▶ _Exercise prompt_:
All pictures are to be excluded when the data below is output verbatim.

▶ _Stored data_:
..............................
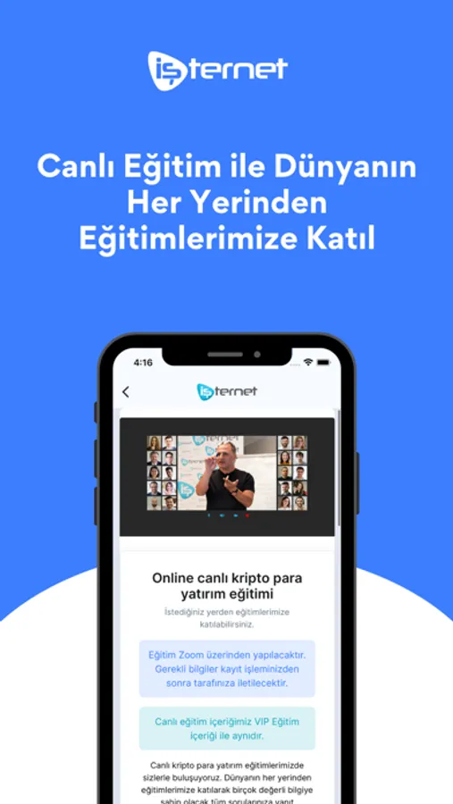 Çevrimiçi video eğitimlerinin yanı sıra VIP sınıflarda yüz yüze kripto para eğitimleriyle öğrencilerin bilgi birikimlerini ve tecrübelerini zirveye çıkarmayı kendisine misyon edinmiş İşternet senin de şehrine gelebilir.
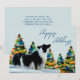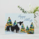 Tarjeta de Navidad del Border Collie en el árbol de Navidad de la nieve invernal. Tranquilo paisaje invernal nevado con un adorable border collie blanco y negro y coloridos árboles de Navidad. Feliz Navidad en una fuente de moda. Tarjeta de vacaciones para un dueño de border collie. Puedes cambiar el texto o borrarlo.
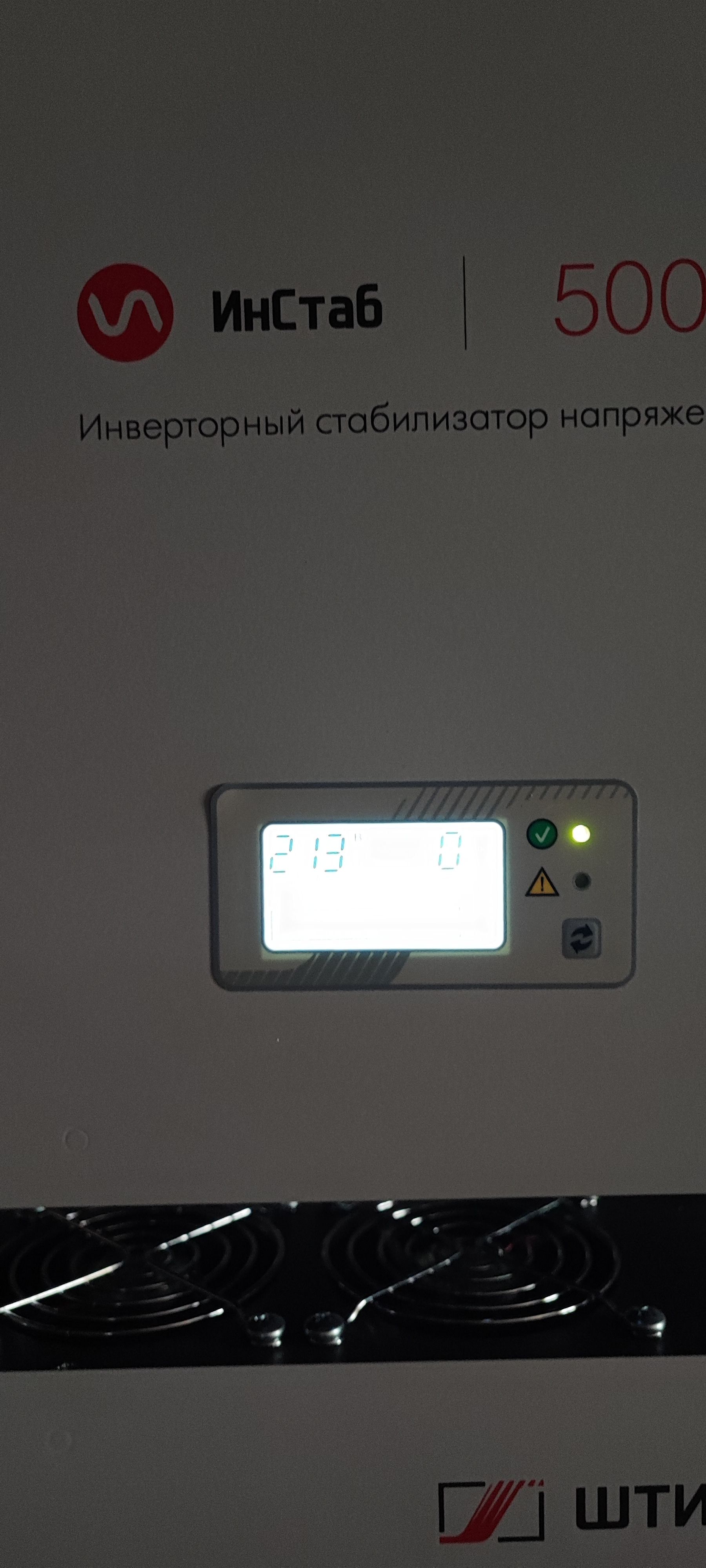 Стабилизатор оснащен панелью управления с ЖК-дисплеем, светодиодными индикаторами и кнопкой управления.
..............................
▶ _Written answer_:
 Çevrimiçi video eğitimlerinin yanı sıra VIP sınıflarda yüz yüze kripto para eğitimleriyle öğrencilerin bilgi birikimlerini ve tecrübelerini zirveye çıkarmayı kendisine misyon edinmiş İşternet senin de şehrine gelebilir.
 Tarjeta de Navidad del Border Collie en el árbol de Navidad de la nieve invernal. Tranquilo paisaje invernal nevado con un adorable border collie blanco y negro y coloridos árboles de Navidad. Feliz Navidad en una fuente de moda. Tarjeta de vacaciones para un dueño de border collie. Puedes cambiar el texto o borrarlo.
 Стабилизатор оснащен панелью управления с ЖК-дисплеем, светодиодными индикаторами и кнопкой управления.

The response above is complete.